La dama de hierro (The iron lady, Reino Unido/Francia/2011/105’).
Dirección: Phyllida Lloyd.
Guión: Aby Morgan.
Fotografía: Elliot Davist.
Música: Thomas Newman.
Montaje: Justine Wright.
Intérpretes: Meryl Streep, Jim Broadbent, Richard E. Grant, Susan Brown, Olivia Colman.
Estúpida mímesis
Se viene nomás el estreno de la película “sobre Margaret Thatcher”. En los diarios se multiplican las notas, entrevistas y las investigaciones pretendidamente históricas o revisionistas. Y lo cierto es que la reciente recidiva de cantinelas patrioteras augura una buena performance en la taquilla, debates sobre lo atinado o no del retrato de la dama de hierro, lecturas de ánimo político y largos etcéteras. Pues bien: no perdamos el tiempo. Esta película es tan increíblemente superficial, banal y estúpida como sólo podía esperarse de la directora de esa otra pavada insufrible que es Mamma Mia!

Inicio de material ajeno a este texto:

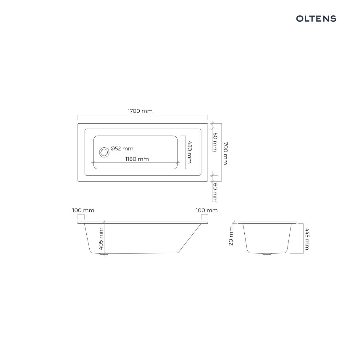 Oltens Langfoss wanna prostokątna 170x70 akrylowa czarny mat 10004300

Ya lo sabemos: ¡qué bien que maquillan y hacen máscaras diversas en el cine mainstream! (por más que J. Edgar demuestre que ello no siempre es así). Y que Meryl Streep es una buena actriz, no voy aquí a negarlo. Pero lo cierto es que no termino de entender esa actitud de boba expectación y descerebrado disfrute frente a la constatación de que una persona logra parecerse a otra. “¡Oia! ¡Está igualita!”. Y sí, está igualita, tiene los diente-paleta y todo… Igual que su hija… Bueno, eso es lo máximo que puede decirse de esta película. Porque Phillyda Lloyd y Aby Morgan logran quedarse en lo menos interesante de un personaje que en manos de casi cualquier otro guionista o director hubiera sido perturbador, intrigante, polémico. La decisión de hacer centro en la vejez (tirando a la decrepitud) de la tozuda política, el cansador ir y venir en el tiempo y los recuerdos, el patetismo al que lleva el pueril capricho de la constante aparición del marido muerto de la ex Primer Ministro, resultan inexplicables. Nos encantaría haber podido odiar a la Thatcher como tantas veces hemos hecho fuera de la gran pantalla, pero ni eso nos han dejado. Podemos odiar una película insostenible, profundamente estúpida (sabrán perdonar la reiteración del adjetivo, pero es el que mejor la explica), pero ninguna reflexión sobre sus aspectos formales o su contenido político resulta pertinente por cuanto ello ha quedado fuera de las propias intenciones de las hacedoras de este producto. El acercamiento tiene algo de la impronta de una revista femenina, con la pátina de pretendida “profundidad objetiva” del suplemento dominical de algún periódico (podría tratarse de la pastilla o el recuadro en la que el artículo sobre la enfermedad de la semana, Alzheimer o arteriosclerosis, da como nota de color el ejemplo el de una figura conocida que la ha sufrido).
Por estas tierras, de Mario Sapag a Martín Bosi son o han sido el exponente de ese subnormal deslumbramiento que provoca la mímesis al que antes referíamos. Quizás ese sea el secreto y la explicación de la multiplicación por todo el planeta de los museos de cera en los que turistas hacen cola para ver una versión aún más plástica que la ¿real? de Pamela Anderson. Pagar una entrada de cine solo para algo parecido es sin dudas demasiado. El resto no merece ser traído a colación, se trata de meras patrañas de publicidad o los reflejos atontados o involuntarios de las lecturas superficiales a las que nos tienen acostumbrados los medios masivos. La dama de hierro no es una película política. Ni siquiera es una película interesante o divertida. Es tan sólo un epidérmico y vacío intento de copiar una imagen. Nada más que eso.